(Beginning of RECORDS SHOWN)

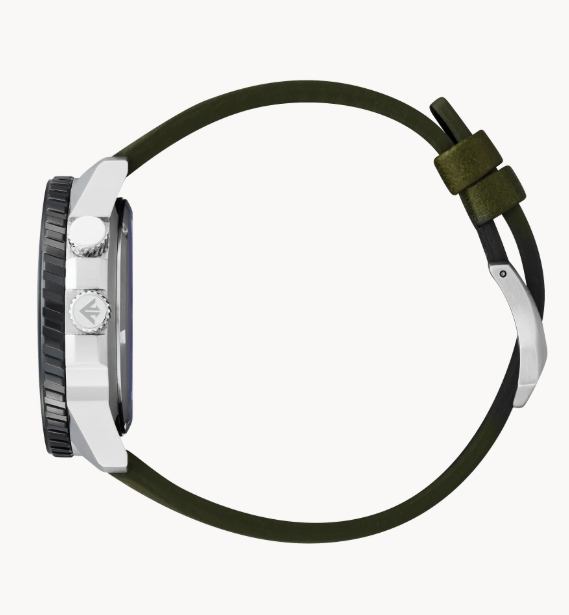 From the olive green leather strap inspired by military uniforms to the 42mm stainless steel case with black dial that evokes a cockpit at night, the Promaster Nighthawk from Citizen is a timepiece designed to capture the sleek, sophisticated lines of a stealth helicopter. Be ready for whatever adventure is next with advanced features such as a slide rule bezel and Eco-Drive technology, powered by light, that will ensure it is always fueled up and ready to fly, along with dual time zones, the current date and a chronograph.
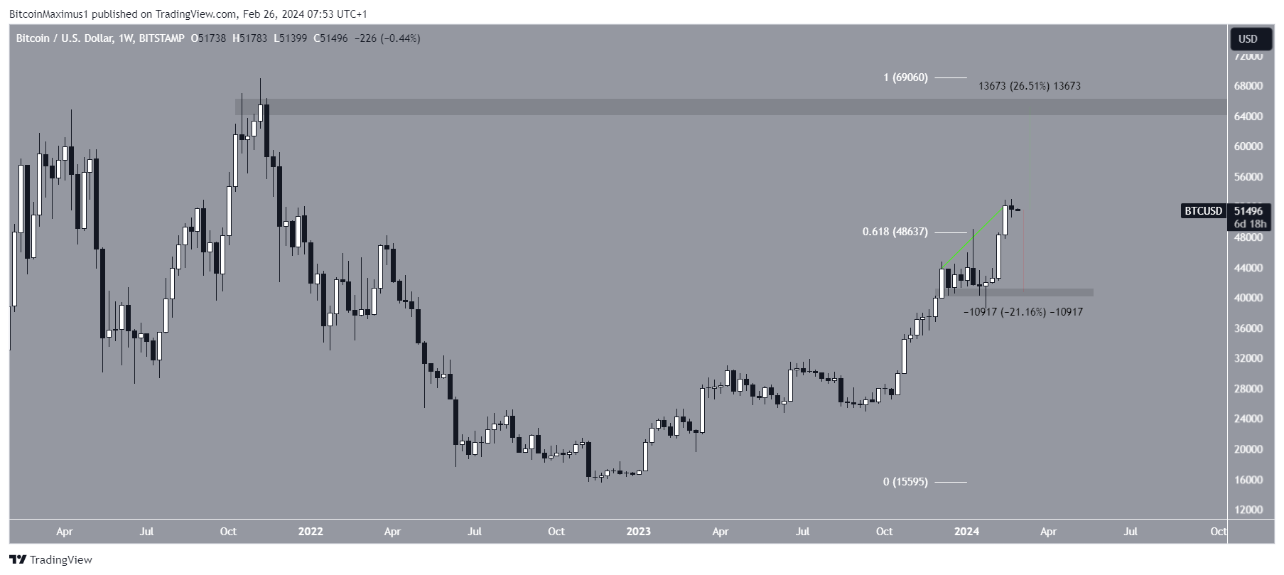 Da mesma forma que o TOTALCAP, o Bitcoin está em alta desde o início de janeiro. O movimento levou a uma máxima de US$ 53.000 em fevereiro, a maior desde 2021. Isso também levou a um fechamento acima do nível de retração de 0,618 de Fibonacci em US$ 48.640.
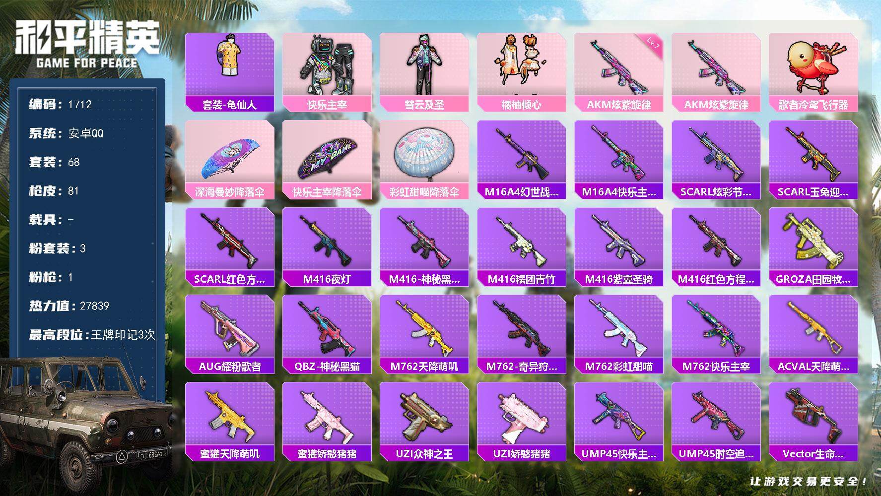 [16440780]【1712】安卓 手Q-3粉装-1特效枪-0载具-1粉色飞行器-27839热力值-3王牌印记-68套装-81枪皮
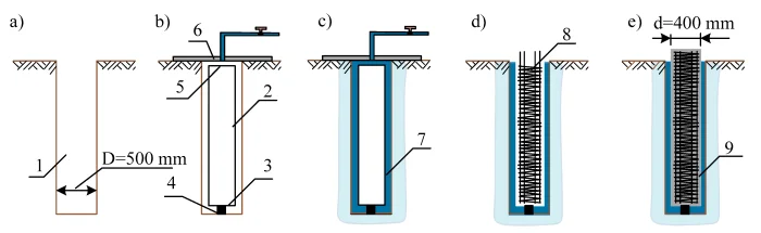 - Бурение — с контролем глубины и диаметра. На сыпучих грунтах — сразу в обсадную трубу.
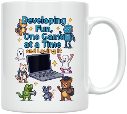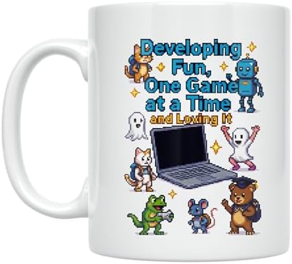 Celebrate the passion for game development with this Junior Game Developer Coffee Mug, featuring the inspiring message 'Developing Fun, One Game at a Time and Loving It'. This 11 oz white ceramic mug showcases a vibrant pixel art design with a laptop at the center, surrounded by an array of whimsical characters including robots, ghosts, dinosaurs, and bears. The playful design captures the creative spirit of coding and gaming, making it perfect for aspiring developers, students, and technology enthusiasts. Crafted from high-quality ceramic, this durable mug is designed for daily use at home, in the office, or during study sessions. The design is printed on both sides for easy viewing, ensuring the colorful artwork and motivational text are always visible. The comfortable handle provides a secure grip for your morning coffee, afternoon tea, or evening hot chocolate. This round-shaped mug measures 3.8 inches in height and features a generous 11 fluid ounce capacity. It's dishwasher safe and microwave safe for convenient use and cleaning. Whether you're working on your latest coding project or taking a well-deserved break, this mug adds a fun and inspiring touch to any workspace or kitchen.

(End of RECORDS SHOWN)
(Beginning of RECORDS SHOWN)

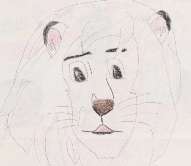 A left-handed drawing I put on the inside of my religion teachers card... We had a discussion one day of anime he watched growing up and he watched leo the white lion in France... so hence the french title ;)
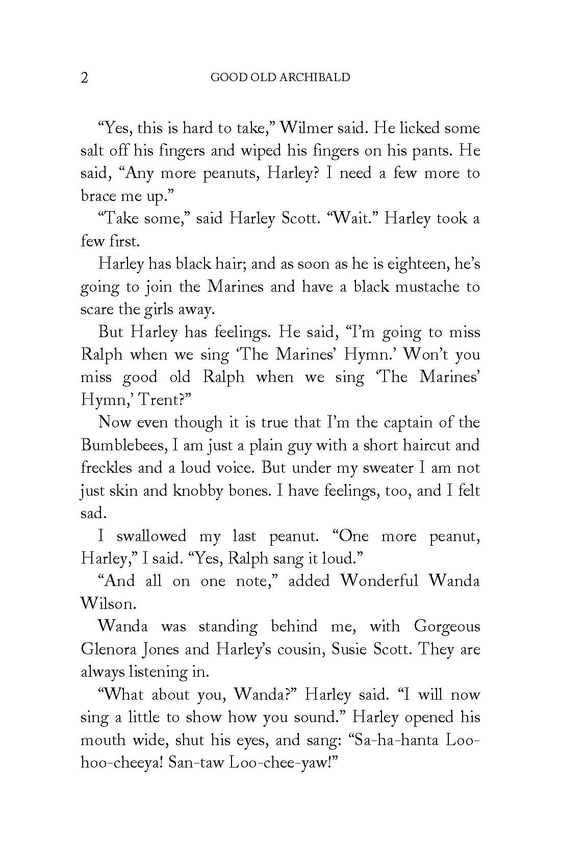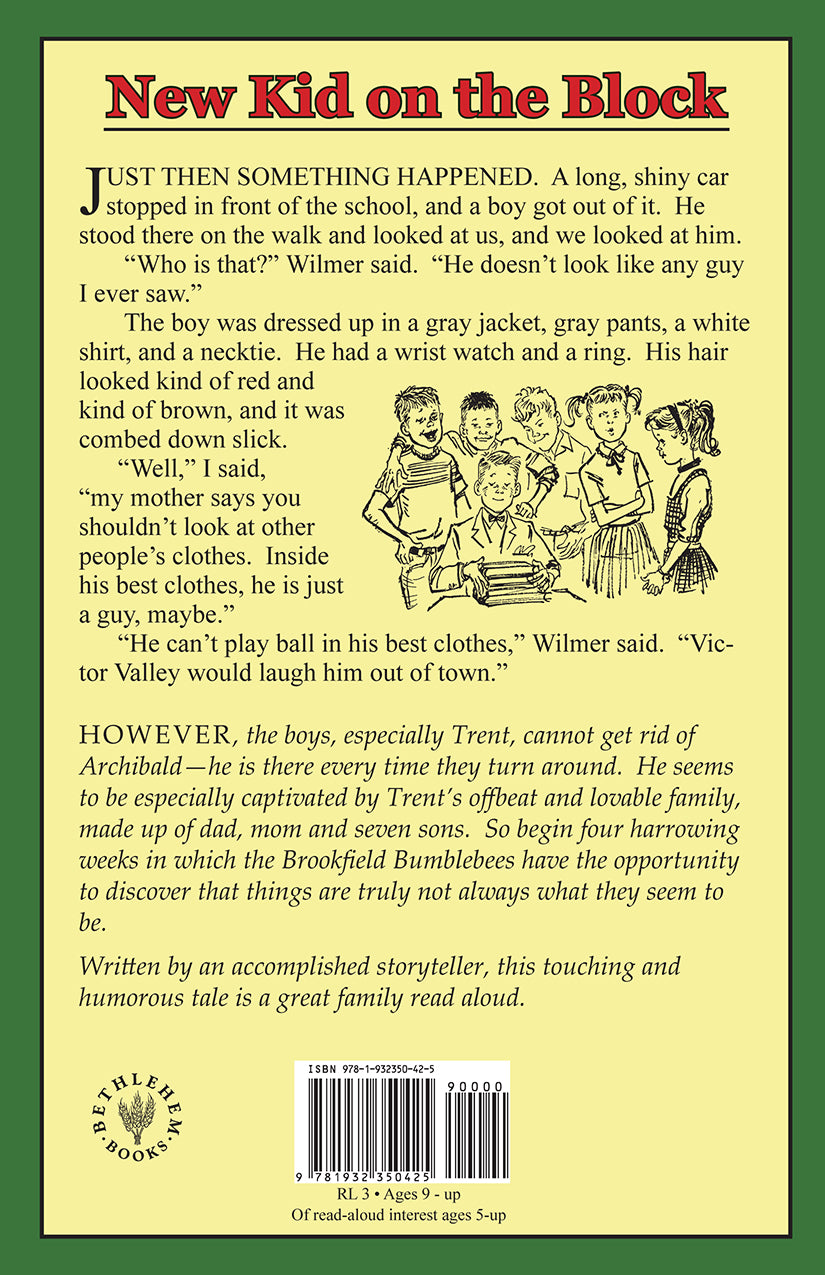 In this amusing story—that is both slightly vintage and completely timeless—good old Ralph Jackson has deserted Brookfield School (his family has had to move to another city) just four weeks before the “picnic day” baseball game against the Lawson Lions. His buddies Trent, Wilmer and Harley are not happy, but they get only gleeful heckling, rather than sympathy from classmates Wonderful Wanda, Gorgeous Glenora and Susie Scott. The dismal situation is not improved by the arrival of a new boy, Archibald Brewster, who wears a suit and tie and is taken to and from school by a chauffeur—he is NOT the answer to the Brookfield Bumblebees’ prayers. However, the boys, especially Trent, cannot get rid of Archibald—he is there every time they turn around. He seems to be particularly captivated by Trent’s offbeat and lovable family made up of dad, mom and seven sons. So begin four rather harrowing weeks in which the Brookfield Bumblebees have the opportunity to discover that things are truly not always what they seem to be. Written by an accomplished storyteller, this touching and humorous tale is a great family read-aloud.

(End of RECORDS SHOWN)
(Beginning of RECORDS SHOWN)

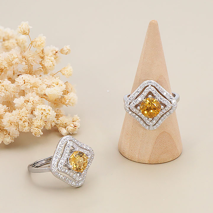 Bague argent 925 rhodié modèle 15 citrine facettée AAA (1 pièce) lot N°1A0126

(End of RECORDS SHOWN)

WORK TO BE COMPLETED:
Within the material above, only the stretch from the line holding "Da mesma forma" through the line holding "Celebrate the passion" is to be restated exactly. Pictures are dropped.

FINAL ANSWER:
 Da mesma forma que o TOTALCAP, o Bitcoin está em alta desde o início de janeiro. O movimento levou a uma máxima de US$ 53.000 em fevereiro, a maior desde 2021. Isso também levou a um fechamento acima do nível de retração de 0,618 de Fibonacci em US$ 48.640.
 [16440780]【1712】安卓 手Q-3粉装-1特效枪-0载具-1粉色飞行器-27839热力值-3王牌印记-68套装-81枪皮
 - Бурение — с контролем глубины и диаметра. На сыпучих грунтах — сразу в обсадную трубу.
 Celebrate the passion for game development with this Junior Game Developer Coffee Mug, featuring the inspiring message 'Developing Fun, One Game at a Time and Loving It'. This 11 oz white ceramic mug showcases a vibrant pixel art design with a laptop at the center, surrounded by an array of whimsical characters including robots, ghosts, dinosaurs, and bears. The playful design captures the creative spirit of coding and gaming, making it perfect for aspiring developers, students, and technology enthusiasts. Crafted from high-quality ceramic, this durable mug is designed for daily use at home, in the office, or during study sessions. The design is printed on both sides for easy viewing, ensuring the colorful artwork and motivational text are always visible. The comfortable handle provides a secure grip for your morning coffee, afternoon tea, or evening hot chocolate. This round-shaped mug measures 3.8 inches in height and features a generous 11 fluid ounce capacity. It's dishwasher safe and microwave safe for convenient use and cleaning. Whether you're working on your latest coding project or taking a well-deserved break, this mug adds a fun and inspiring touch to any workspace or kitchen.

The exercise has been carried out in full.